In der allegorischen Welt des niederländischen Malers ist es dieses Bild, das einen Ausweg aus Sünde, Strafe und Höllenqual zeigt. Eine Handreichung fürs Leben; ein Trost vielleicht auch für den Maler selbst, sechs Jahre vor seinem eigenen Tod.

Auch darum ist die Auferstehung bei Bosch nicht als Allegorie zu lesen und zu begreifen. In seinem Bild steht sie uns wie eine historische Realität vor Augen. Das österliche Geschehen ist kein Mythos und keine Vision, keine Utopie und auch kein Märchen. Sie scheint schlichtweg ein Ereignis zu sein, ein Moment der Geschichte, der etwas ganz und gar Neues entstehen lässt.

Was nach dem Tod kommt und was uns nach dem Tod erwartet, weiß niemand.
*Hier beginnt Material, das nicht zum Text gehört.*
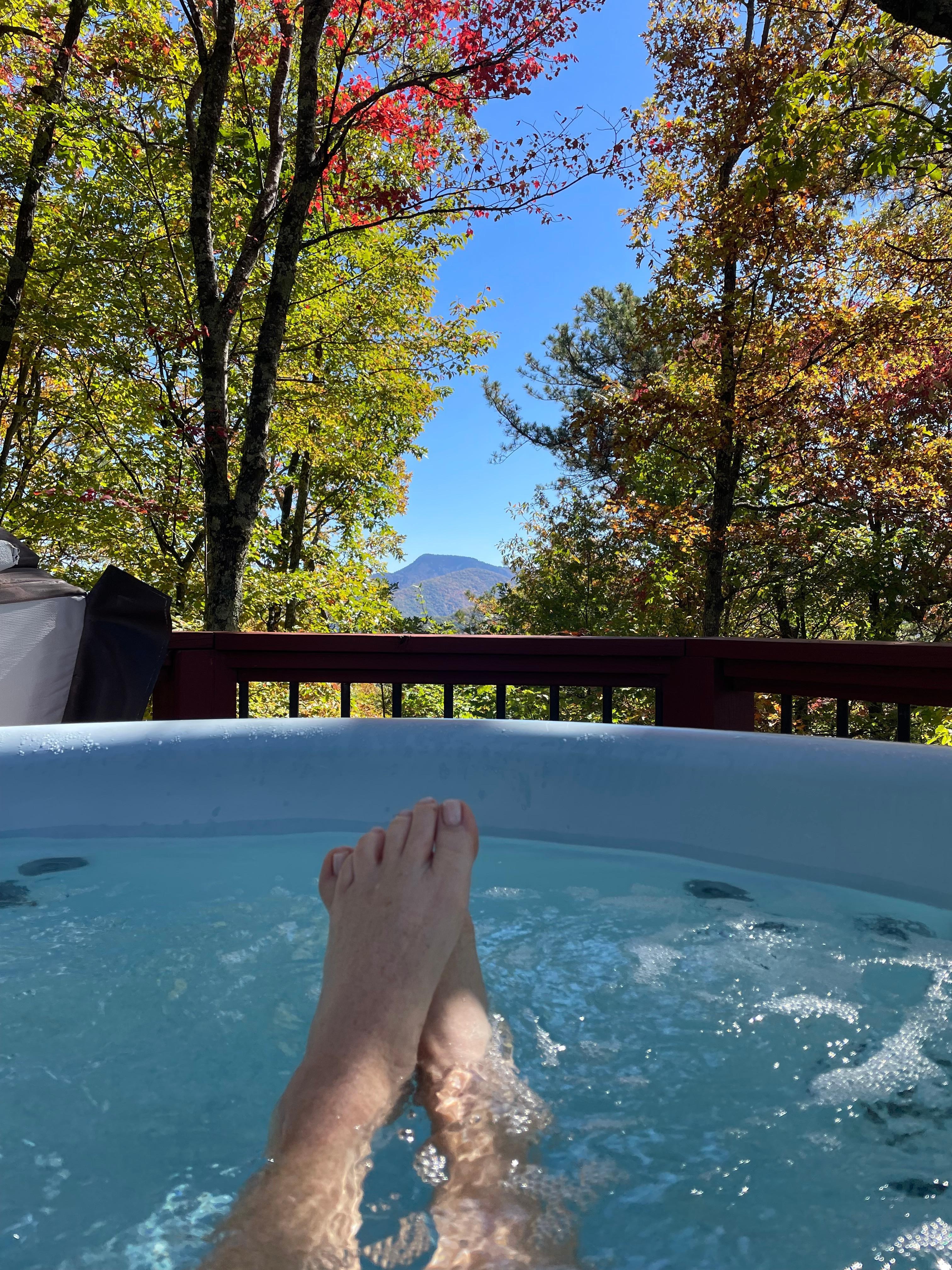 Nestled high in the treetops,at 4000 feet elevation, the cabin offers westward views of the Great Smoky Mountains and eastward views towards beautiful Maggie Valley. Enjoy a round of golf at one of many courses in the Western North Carolina foothills, fly-fish for trout in an icy mountain stream, rafting in the tumbling Nantahala or French Broad Rivers, or snowboard down nearby Cataloochee Ski Area. Then relax, in the evening, submersed in the 'hot tub under the stars' while cooking dinner on the grill.
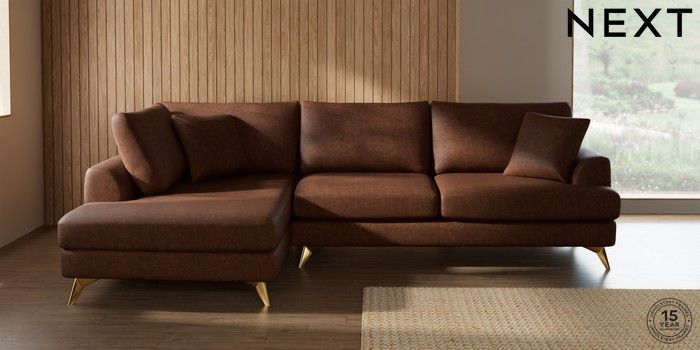 7.3.1 Buy Parker Large Corner Chaise - Left Hand Monza Faux Leather Easy Clean Chestnut Brown High Metal - Brass from the Next UK online shop Click here to use our accessible website
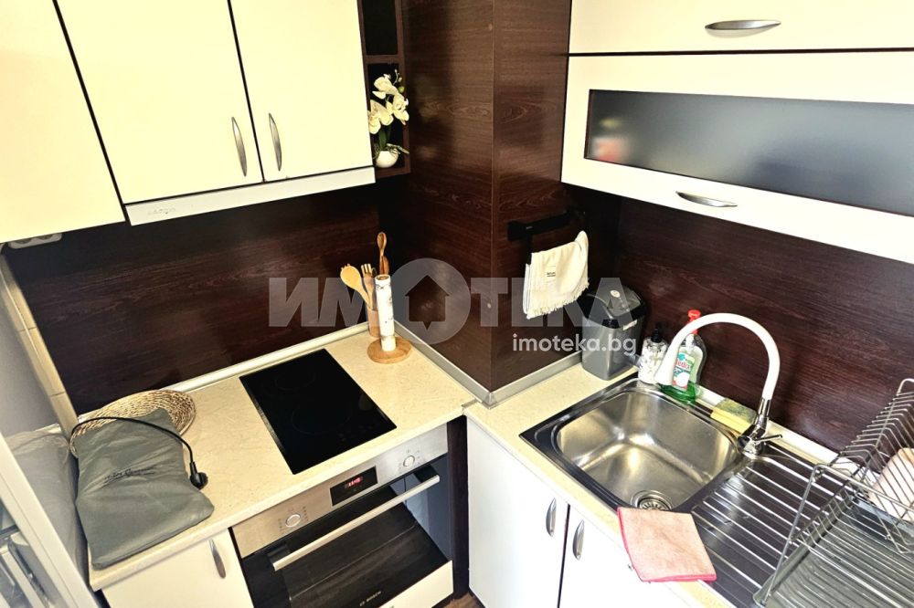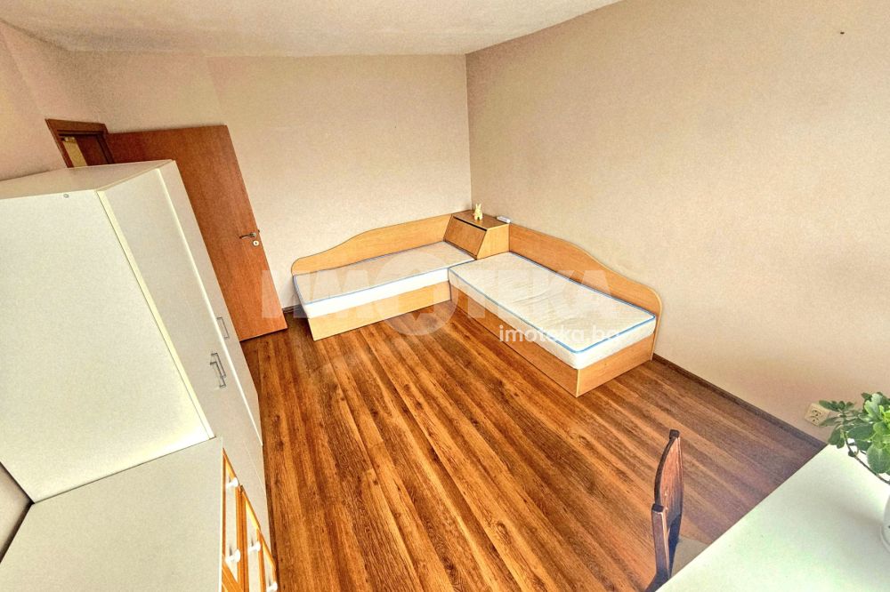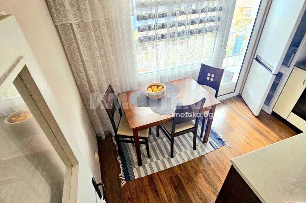 Жилището включва кухня, всекидневна, спалня и баня с тоалетна. Всекидневната е просторна, с голям разтегателен диван и гардероб. Детската стая е напълно оборудвана две легла с ракла, бюро, гардероб, скрин и етажерка, осигуряващи комфорт и място за игра и учене. Кухнята е модерна, с вградена фурна, керамични плотове и голям хладилник. В коридора има допълнителни гардероби за удобство. Обзавеждането е съвременно и добре поддържано, а в детската стая има климатик.

Diese Unkenntnis und Ungewissheit des Menschen aber kann nicht als simpler Grund dazu dienen, den möglichen Triumph des Lebens über den Tod abzustreiten. Auch auf dem Bild von Hieronymus Bosch geht es nicht darum, Dinge zu erfahren, die wir nicht verstehen können. Das Bild ist eine stille und doch dramatische Verheißung, in eine neue Welt aufzubrechen und in ein neues Leben. Die vielen Seligen auf dem Bild sind der Beginn vieler neuer Geschichten und ihre Aufnahme in den Himmel viele kleine Osterfeste.